For the second vote used to calculate ranking $r_2$ the stories may not have the same number of votes. –  Manas Mar 25 '13 at 16:15
    
Are you asking how many votes to change a given stories score or how many to swap the positions of 2 stories? Or n stories? –  Dale M Mar 25 '13 at 19:45
    
How many to swap the positions. Let me rephrase the question if it helps. Lets say I have a story with 20 up and 5 down votes from a total of 25 people. Using Wilsons algo. I can calculate its "score" as the lower interval bound with a 95% confidence using the above formula. Let the score be 50. What this means is that given the votes the idea received, you can be 95% sure that the real score is 50. Now my question is, what is the minimum number of votes (from 25) required so that I can be 95% sure that the score is still 50. Doing this to all ideas will ensure ranking remains unchanged. –  Manas Mar 25 '13 at 20:49
    
Please check edited question. Thanks. –  Manas Mar 25 '13 at 22:28

1 Answer 1

OK @Manas, before we start, you seem to have a misguided understanding of what Wilson's algorithm does.

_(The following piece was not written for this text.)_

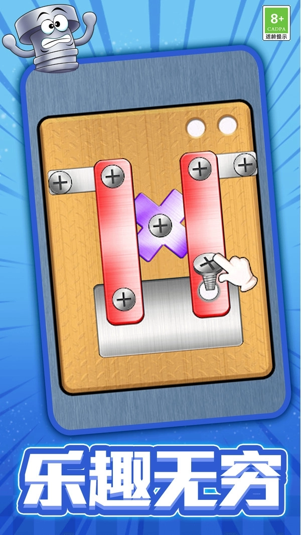 1、利用策略来操控螺丝,顺利通过关卡考验,充分展现你的聪明才智。

If you consider everybody in the world (all 7 billion of us) there is a number of people who would rate this story positively and a number who would rate it negatively. This is (at any given time) an exact number, call it the population rating $r_p$.

What we have is a sample of that population who have actually rated the story and we have another exact number which is how this sample rated the story, call this the sample rating $r_s$. This is our best available information as to $r_p$.

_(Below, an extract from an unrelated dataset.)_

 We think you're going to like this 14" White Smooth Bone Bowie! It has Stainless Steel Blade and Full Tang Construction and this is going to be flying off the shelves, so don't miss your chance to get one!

Wilson's algorithm allows us to build a confidence interval (to any level of precision 90%, 95% and 99% being typical) of where the value $r_p$ actually lies. Naturally, the larger the sample size, the tighter the bounds on this interval become.

For the purposes of ranking stories, using the lower bound of Wilson's algorithm allows you to say "With $(1-\frac{\alpha}{2})$% confidence I believe that the value of $r_p$ for this story is at least $ (p+\frac{z^2_{\alpha/2}}{2}\pm z_{\alpha/2}\sqrt{[p(1-p)+(z^2_{\alpha/2}/4n)]/n}) / (1+\frac{z^2_{\alpha/2}}{n})$"

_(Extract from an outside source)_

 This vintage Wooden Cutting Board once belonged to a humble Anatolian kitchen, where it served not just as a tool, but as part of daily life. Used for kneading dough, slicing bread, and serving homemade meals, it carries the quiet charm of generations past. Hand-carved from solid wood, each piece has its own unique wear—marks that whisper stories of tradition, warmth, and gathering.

This rating is solely dependent on the side of the sample, the up vs down votes and the confidence interval you select. In particular it has nothing to do with the ratings of other storys.

To the specific question you have asked.

You are interested in knowing for any given $p$, $n$ and $z_{\alpha/2}$ (which I will call $z$ to simplify the appearance of the equations), how future votes will affect the rating. Clearly, this depends not only on the number of additional votes cast $\Delta n$ but also on what proportion of those votes are positive, $\Delta p$.

Please note that the new value of $p$ is given by:

$$p_1=\frac{pn+\Delta p\Delta n}{n + \Delta n}$$

I suggest you consider 4 cases:

$$\Delta p = 0\qquad\ldots(1)$$ $$\Delta p = 0.5\qquad\ldots(2)$$ $$\Delta p = p\qquad\ldots(3)$$ $$\Delta p = 1\qquad\ldots(4)$$

For each of the cases, you simply need to solve the following for $\Delta n$

$$\Bigg |{p_1+\frac{{z^2}}{2}- z\sqrt{p_1(1-p_1)+\frac{z^2}{4(n+\Delta n)}\over n+\Delta n} \over {1+\frac{z^2}{n+\Delta n}}}-{p+\frac{{z^2}}{2}- z\sqrt{p(1-p)+\frac{z^2}{4n}\over n} \over {1+\frac{z^2}{n}}}\Bigg |= i$$

Note that for cases (3) & (4) the term on the left is always positive so you only need to consider $+i$; this is also true for case (2) iff $0.5>p$.

Good luck.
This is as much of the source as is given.